[Stored data]:
* * * * *

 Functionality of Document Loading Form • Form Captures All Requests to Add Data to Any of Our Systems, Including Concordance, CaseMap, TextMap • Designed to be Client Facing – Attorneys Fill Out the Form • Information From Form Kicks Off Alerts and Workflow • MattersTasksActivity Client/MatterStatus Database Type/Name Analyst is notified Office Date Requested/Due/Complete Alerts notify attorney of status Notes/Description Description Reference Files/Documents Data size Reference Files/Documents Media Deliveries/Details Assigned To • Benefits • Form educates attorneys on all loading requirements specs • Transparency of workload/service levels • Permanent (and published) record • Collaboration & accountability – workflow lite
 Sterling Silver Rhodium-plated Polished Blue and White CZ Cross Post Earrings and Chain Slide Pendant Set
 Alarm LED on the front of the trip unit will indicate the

* * * * *

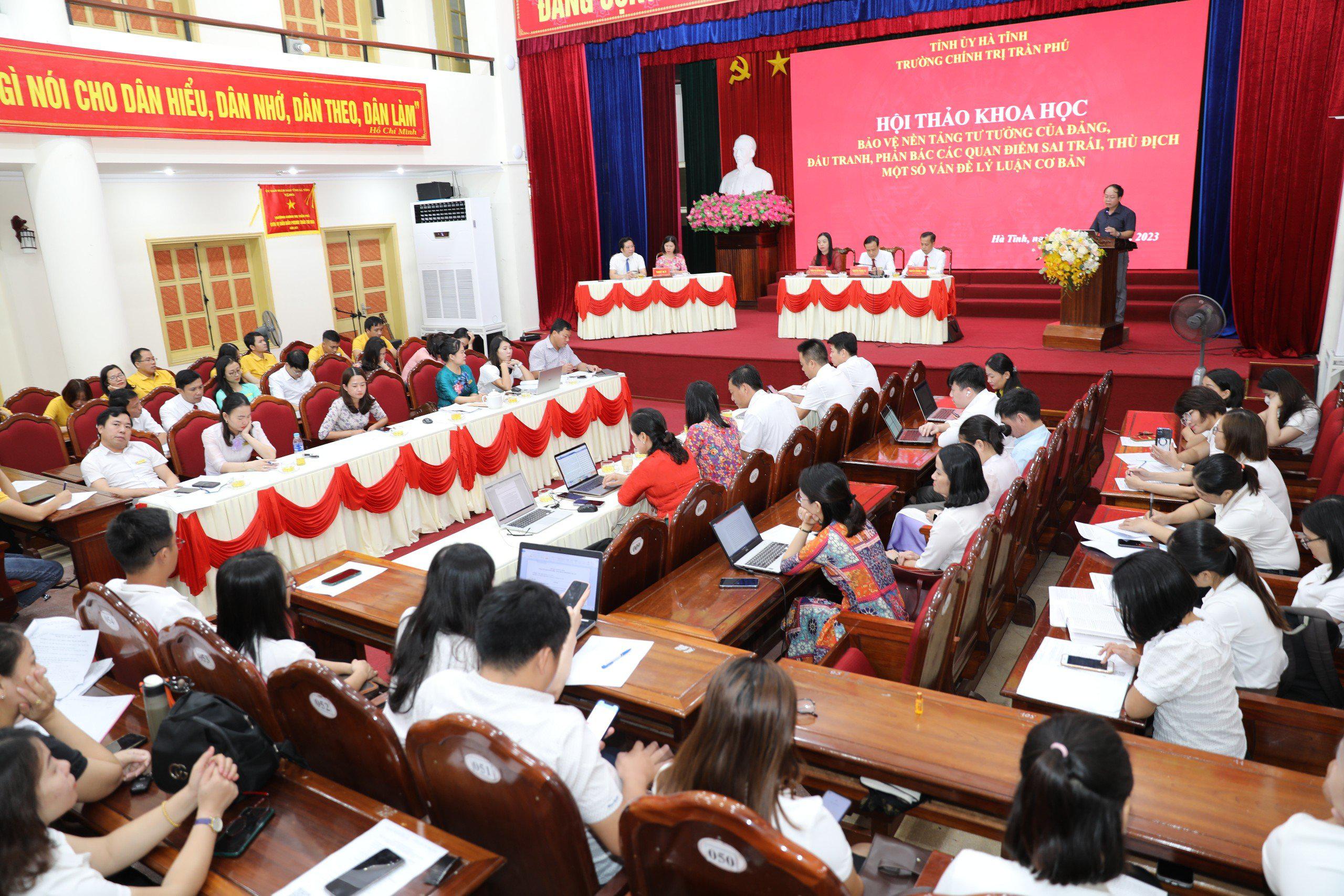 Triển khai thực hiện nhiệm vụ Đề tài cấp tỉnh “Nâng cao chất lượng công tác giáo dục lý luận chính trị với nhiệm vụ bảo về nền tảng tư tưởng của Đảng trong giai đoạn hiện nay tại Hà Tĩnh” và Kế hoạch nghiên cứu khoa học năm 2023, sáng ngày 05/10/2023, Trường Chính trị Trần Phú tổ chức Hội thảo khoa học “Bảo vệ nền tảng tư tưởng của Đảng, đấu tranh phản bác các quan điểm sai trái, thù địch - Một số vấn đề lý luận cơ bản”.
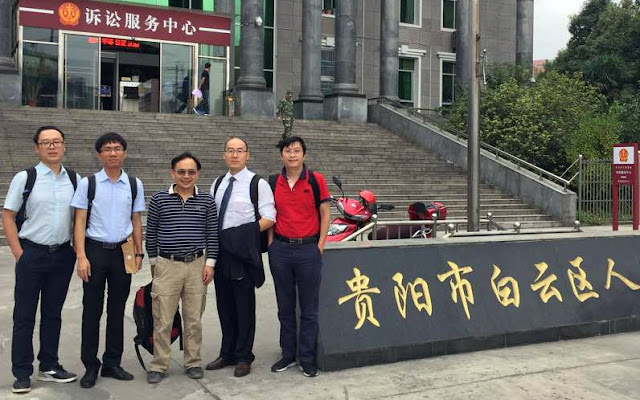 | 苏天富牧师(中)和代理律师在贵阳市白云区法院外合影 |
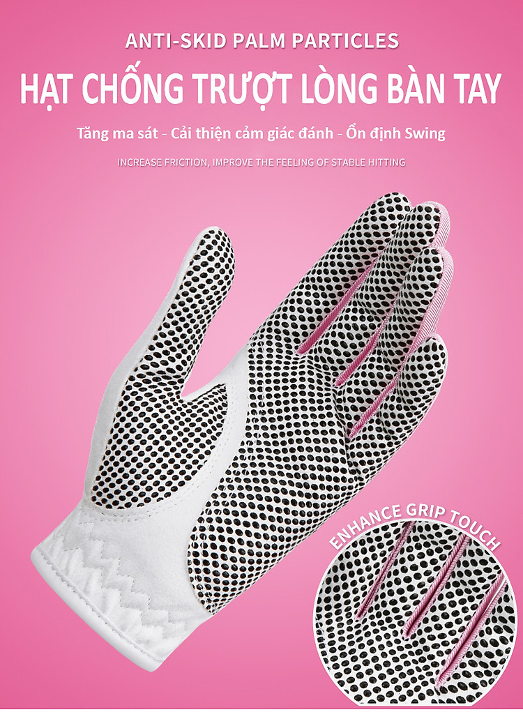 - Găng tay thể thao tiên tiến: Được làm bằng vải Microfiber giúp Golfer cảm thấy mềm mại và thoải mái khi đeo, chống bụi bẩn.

* * * * *

[What this task involves]:
Give back the records above exactly, limited to the lines between the one holding "Functionality of Document" and the one holding "Alarm LED on", inclusive.

[Task output]:
 Functionality of Document Loading Form • Form Captures All Requests to Add Data to Any of Our Systems, Including Concordance, CaseMap, TextMap • Designed to be Client Facing – Attorneys Fill Out the Form • Information From Form Kicks Off Alerts and Workflow • MattersTasksActivity Client/MatterStatus Database Type/Name Analyst is notified Office Date Requested/Due/Complete Alerts notify attorney of status Notes/Description Description Reference Files/Documents Data size Reference Files/Documents Media Deliveries/Details Assigned To • Benefits • Form educates attorneys on all loading requirements specs • Transparency of workload/service levels • Permanent (and published) record • Collaboration & accountability – workflow lite
 Sterling Silver Rhodium-plated Polished Blue and White CZ Cross Post Earrings and Chain Slide Pendant Set
 Alarm LED on the front of the trip unit will indicate the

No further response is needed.